For once, by the way, it’s not just Edexcel to blame for the turn from elegant geometry to brute-force algebra. By chance I found demands for algebraic proofs of a couple of these results in a Cambridge Tripos paper of 1840.

For simplicity, the diagram omits the actual parabola itself. P and Q are points on a parabola. F is the focus. DE is the directrix.

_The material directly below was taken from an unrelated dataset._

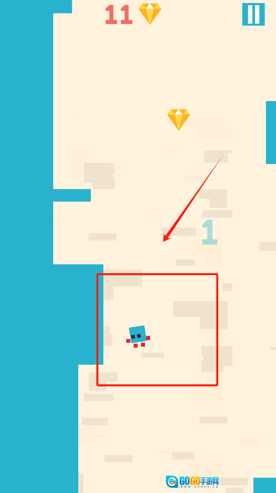 控制蓝色小人在地图里移动,收集黄色钻石来提升分数,留意上方显示的数字以及钻石所在的位置。
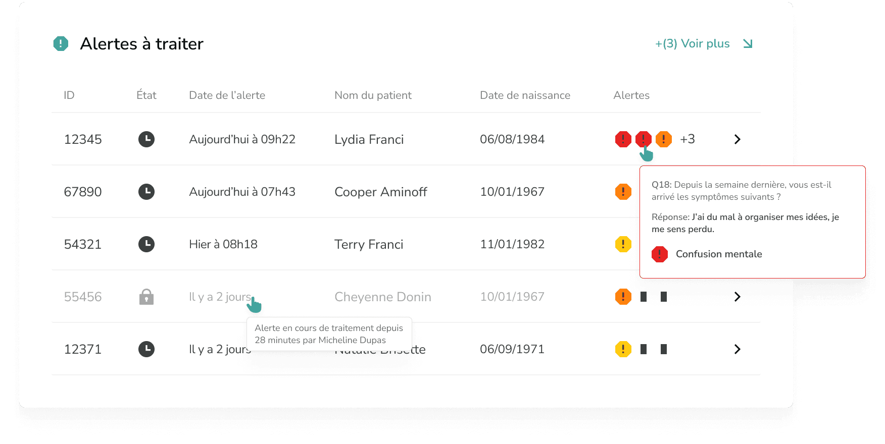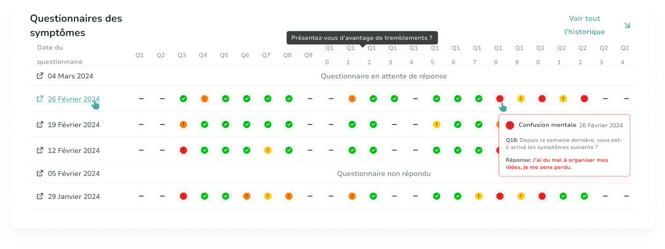 d'amélioration de l'état de santé des patients grâce à la réaction et l'anticipation des symptômes.

PT and QT are the tangents at P and Q.

By the focus-directrix definition of a parabola, FP=DP and FQ=EP.

1. TP bisects ∠ FPD (and similarly TQ bisects ∠ FQD)

Proof: The line bisecting the angle is the line with points equally distant from F and D. By definition of a parabola, the tangent at P, i.e. the line most closely approximating the parabola, will also have its points equally distant from F and D. Therefore the tangent and the line bisecting the angle are identical. (Click here for a more formal argument).

2. PDTF is a kite (and so is QETF)

Proof: since TP bisects ∠ FPD, and FP=DP, TP is the perpendicular bisector of FD.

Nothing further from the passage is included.